In August 2019, Amazon had picked up a 49 percent stake in Future Coupons for Rs 1,500 crore. Future Coupons held a 9.8 percent stake in FRL and Amazon has a 49 percent stake in Future Coupons. So this gave Amazon an indirect holding of 4.82 percent in FRL. The deal also gave Amazon a call option, allowing it to buy a partial or controlling stake in Future Retail, starting three years from the deal, up to 10 years, subject to prevalent FDI norms at the time.
Having an interest in Future Retail, Amazon took objection to the deal and approached the Singapore International Arbitration Center (SIAC) in October 2020. It won an interim award in its favour with the Emergency Arbitrator halting the Future Retail-Reliance Retail deal.
Following this, Future Retail moved the Delhi High Court alleging interference by Amazon in the deal.
Amazon had also argued that its deal with Future Coupons barred the company from entering into share sale agreements with 15 companies including Reliance, Walmart, Google, Paytm, Swiggy, Alibaba, SoftBank, Zomato among others.
At the SIAC, and through the Delhi HC hearings, FRL maintained that it was not a party to the deal with Future Coupons and Amazon. The legal tussle in the Delhi High Court continued with a single-judge bench refusing to stay the deal and the order was challenged by Amazon in the High Court. Thereafter, a single bench ordered a status quo but it was contested by Future Retail, with a division bench lifting the status quo.
Meanwhile, the deal received a nod from CCI, SEBI, and the stock exchanges.
Subsequently, Amazon moved the Supreme Court alleging Future Retail was in breach of contract by entering into a deal with Reliance Retail. Following this, a three-member panel at the SIAC, too, heard arguments from Future Retail and Amazon in July.
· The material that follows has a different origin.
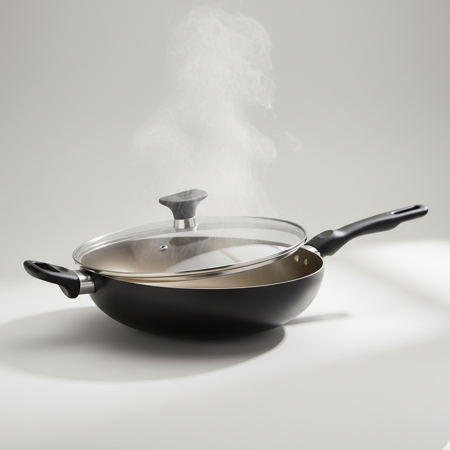 Frigideira Wok Antiaderente 24cm Tampa de Vidro Profissional Teflon Panela Grande Cozinha
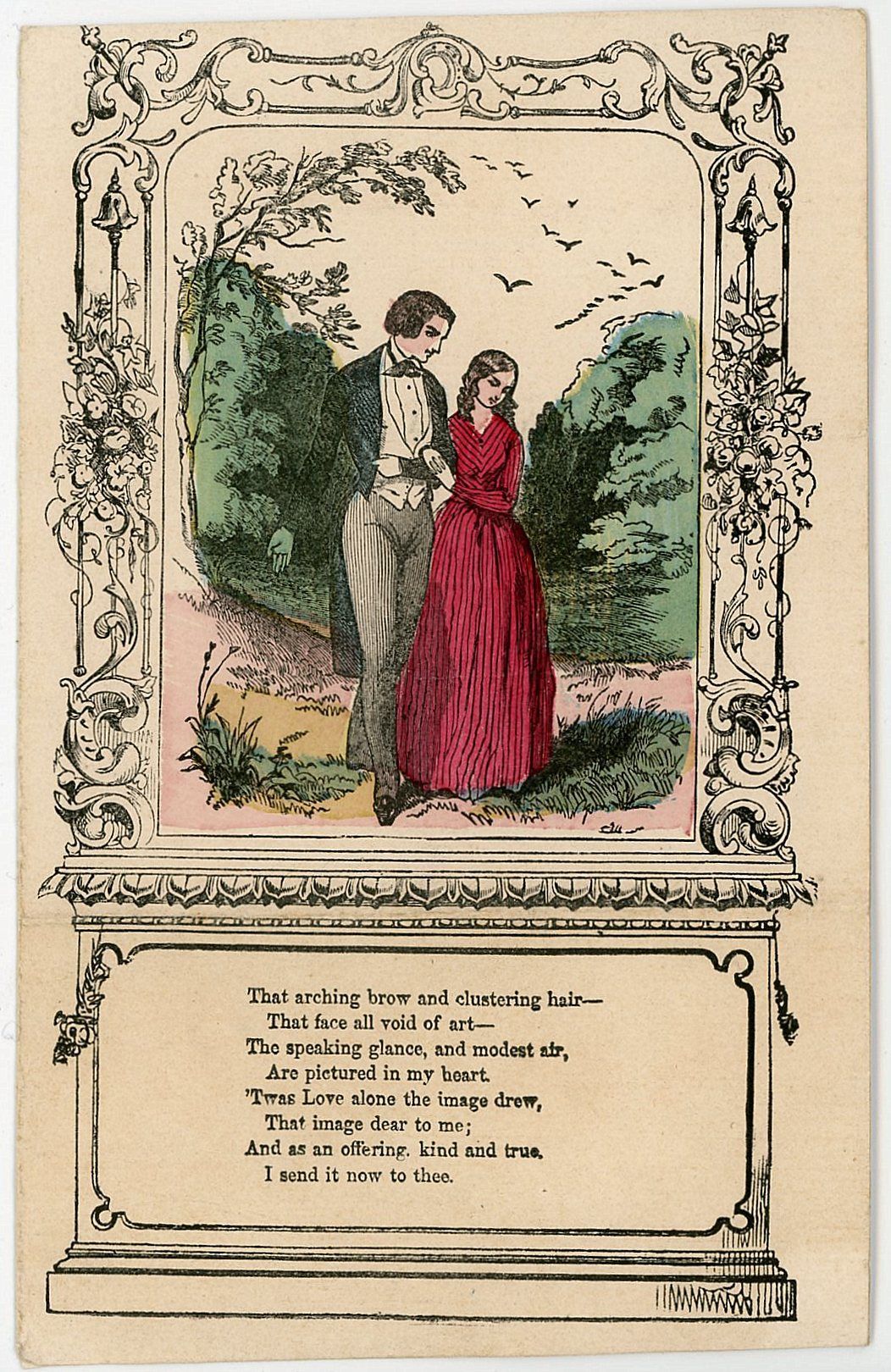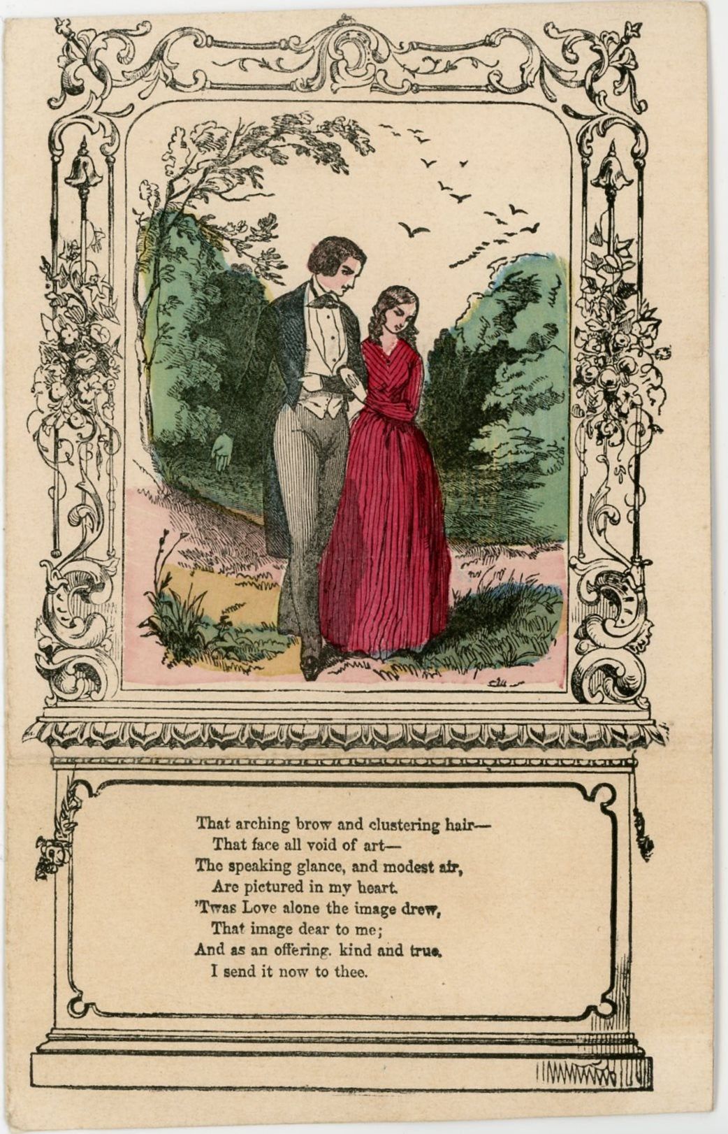 American, 1870. Printed slightly askew. Minimal wear.. A single-fold 7 3/4" x 4 7/8" lithograph valentine printed on plain paper. Image depicts a strolling somewhat sorrowful appearing couple. Decorative floral and filigree border. The verse below reads:

Meanwhile, the lenders of Future Group companies Future Retail, Future Enterprises, Future Lifestyle Retail implemented a restructuring plan in April 2021 for the loans of these companies under RBI’s August 6, 2020, circular on Resolution Framework for COVID-related Stress. The scheme has received KV Kamath Committee’s nod and while lenders, too, have finalized the restructuring plan. This is being looked like a backup plan since the deal is currently embroiled in a legal tussle.
Some legal experts have pointed out that the judgement has dealt with questions of law that are academic in nature, rather than with the points of contention between FRL and Amazon.
FRL is expected to file a special leave petition against the order of J Midha before the Supreme court and an appeal under section 37(2) of the Arbitration act against the EA’s interim award before the Delhi High Court and obtain appropriate reliefs to pursue the scheme.